• Directions:
Find "Bring the beauty" in the material below, then write out that line and every line after it exactly, ending with the last one; skip the pictures.

• Data for the task:
────────────────────────────────────────

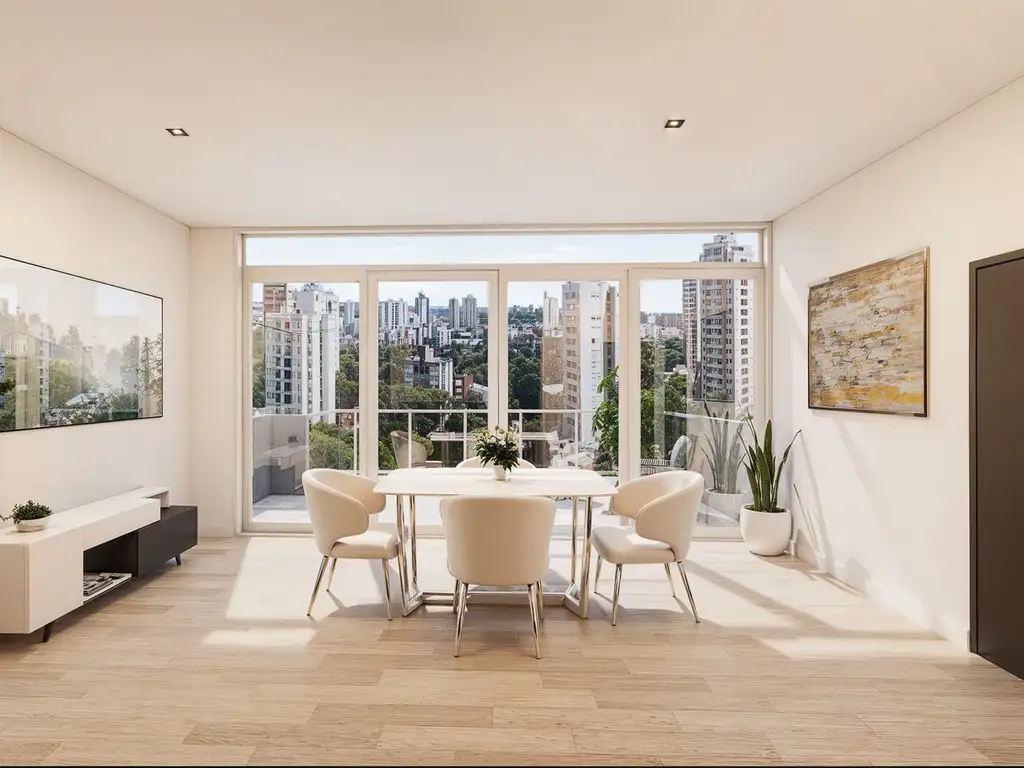 Un hermoso tres ambientes, con cocina integrada, dos baños en total.
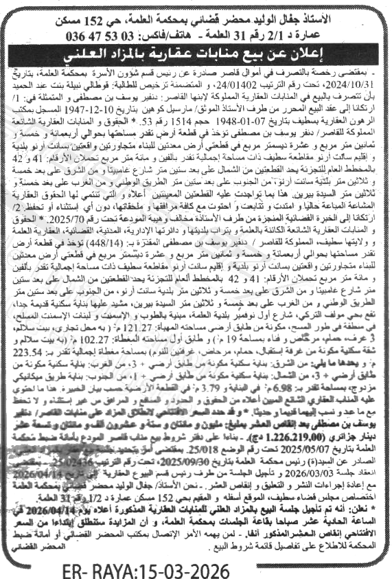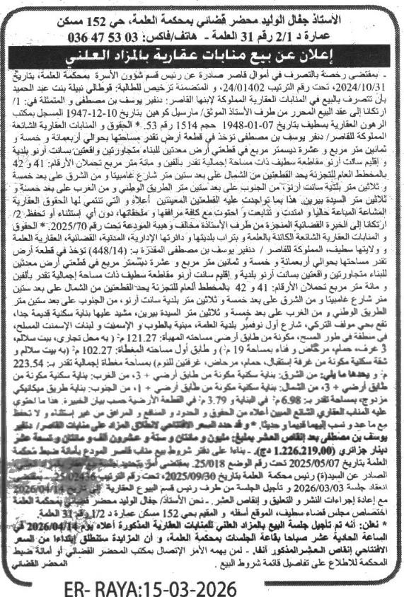 Il sera procédé à la vente au plus offrant et dernier enchérisseur le :
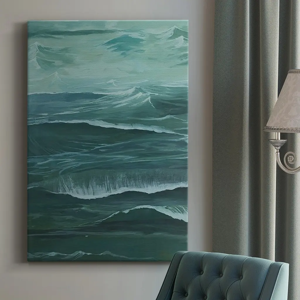 Bring the beauty of the ocean waves into your home with the 30X40 Laguna Waves Rectangle framed art. This stunning piece features a blend of blue, green, and white colors that capture the essence of coastal living. Made in the USA, it comes in a white frame that complements any traditional decor.
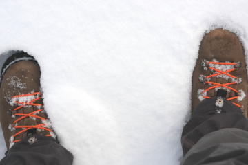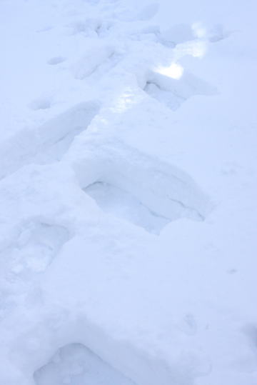スノーシューを履いていても膝上まで沈み込んでしまうこともあったが、 真っ白な雪のキャンバスに自分だけの足跡を残していくのは何て気持ちがいいんだろう。 |
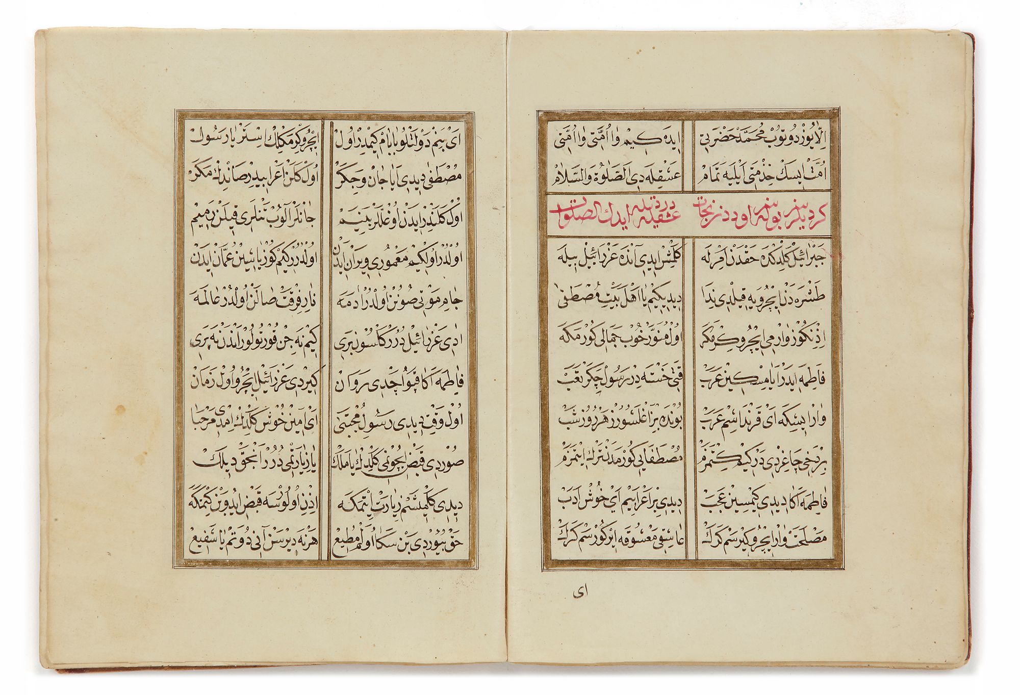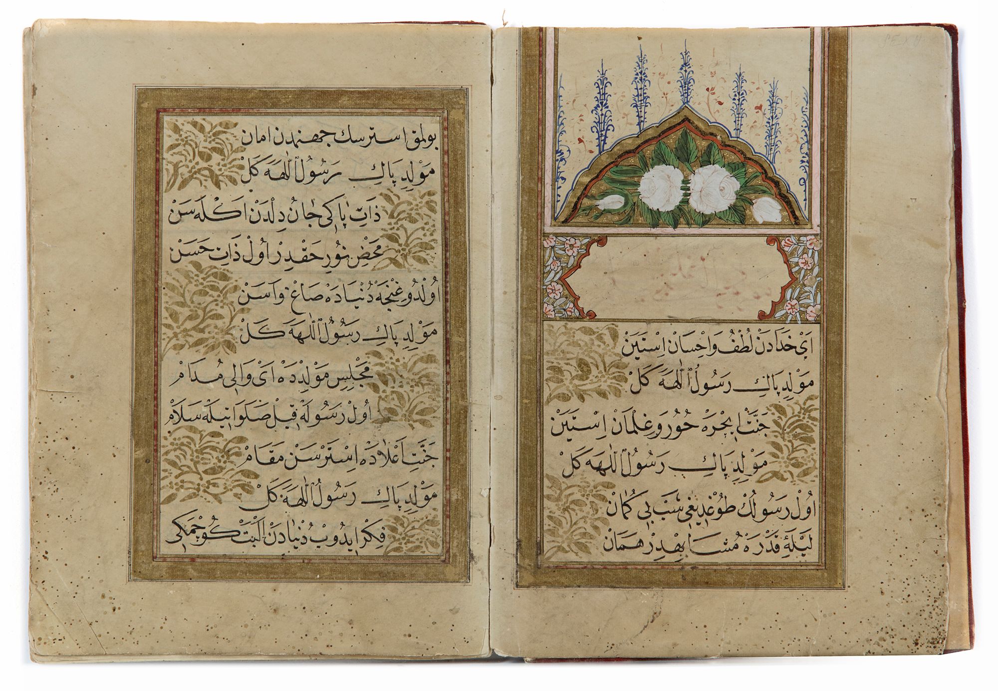 Al-Mawlid al-Nabi - Prayer book commemorating the birth of the Prophet Arabic manuscript of 39 leaves on beige paper, calligraphed in beautiful and regular naskh in black ink on eleven lines per page. A beautiful illuminated frontispiece 'sarlowh' decorated with roses opens the manuscript, with the title in thuluth red slightly erased, on the first. The large spelling at the beginning becomes tighter from folio 5 or the text becomes poetic in two columns up to folio 37b. Titles in red thuluth. At the end, blessings to Sultan 'Abdul-Mejid and his armies. Binding in red morocco stamped with golden geometric decoration, without flap and detached. 27 by 17 cm.

────────────────────────────────────────

• Answer:
 Bring the beauty of the ocean waves into your home with the 30X40 Laguna Waves Rectangle framed art. This stunning piece features a blend of blue, green, and white colors that capture the essence of coastal living. Made in the USA, it comes in a white frame that complements any traditional decor.
スノーシューを履いていても膝上まで沈み込んでしまうこともあったが、 真っ白な雪のキャンバスに自分だけの足跡を残していくのは何て気持ちがいいんだろう。 |
 Al-Mawlid al-Nabi - Prayer book commemorating the birth of the Prophet Arabic manuscript of 39 leaves on beige paper, calligraphed in beautiful and regular naskh in black ink on eleven lines per page. A beautiful illuminated frontispiece 'sarlowh' decorated with roses opens the manuscript, with the title in thuluth red slightly erased, on the first. The large spelling at the beginning becomes tighter from folio 5 or the text becomes poetic in two columns up to folio 37b. Titles in red thuluth. At the end, blessings to Sultan 'Abdul-Mejid and his armies. Binding in red morocco stamped with golden geometric decoration, without flap and detached. 27 by 17 cm.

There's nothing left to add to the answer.